> _TASK STATEMENT_
Whatever precedes the line containing "作為班主任,她承擔(dān)" is not copied; that line and every line after it through the final one below are copied exactly, except pictures.

[[ GIVEN DATA open ]]

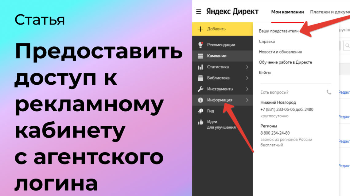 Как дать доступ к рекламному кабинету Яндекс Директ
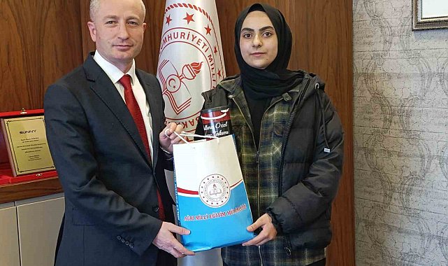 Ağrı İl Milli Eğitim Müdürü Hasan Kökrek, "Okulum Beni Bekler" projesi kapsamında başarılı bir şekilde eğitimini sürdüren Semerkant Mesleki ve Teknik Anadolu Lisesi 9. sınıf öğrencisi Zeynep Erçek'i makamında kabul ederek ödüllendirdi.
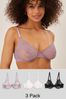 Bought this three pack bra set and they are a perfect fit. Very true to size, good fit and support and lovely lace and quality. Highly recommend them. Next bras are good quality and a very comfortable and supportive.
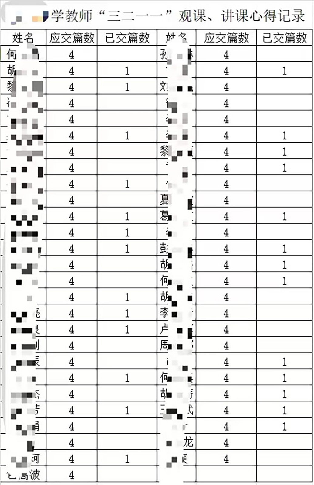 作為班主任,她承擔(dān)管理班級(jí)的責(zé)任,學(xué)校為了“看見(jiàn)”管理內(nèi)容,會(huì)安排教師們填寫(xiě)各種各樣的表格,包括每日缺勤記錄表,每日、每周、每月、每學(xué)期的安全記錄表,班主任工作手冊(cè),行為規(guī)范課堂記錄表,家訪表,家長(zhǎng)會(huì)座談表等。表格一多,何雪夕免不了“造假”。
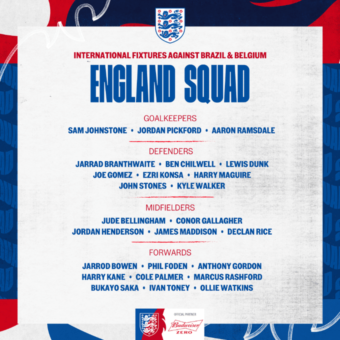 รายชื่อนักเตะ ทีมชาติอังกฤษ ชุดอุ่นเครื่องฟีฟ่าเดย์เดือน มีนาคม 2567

[[ GIVEN DATA closed ]]

> _EXERCISE RESULT_
 作為班主任,她承擔(dān)管理班級(jí)的責(zé)任,學(xué)校為了“看見(jiàn)”管理內(nèi)容,會(huì)安排教師們填寫(xiě)各種各樣的表格,包括每日缺勤記錄表,每日、每周、每月、每學(xué)期的安全記錄表,班主任工作手冊(cè),行為規(guī)范課堂記錄表,家訪表,家長(zhǎng)會(huì)座談表等。表格一多,何雪夕免不了“造假”。
 รายชื่อนักเตะ ทีมชาติอังกฤษ ชุดอุ่นเครื่องฟีฟ่าเดย์เดือน มีนาคม 2567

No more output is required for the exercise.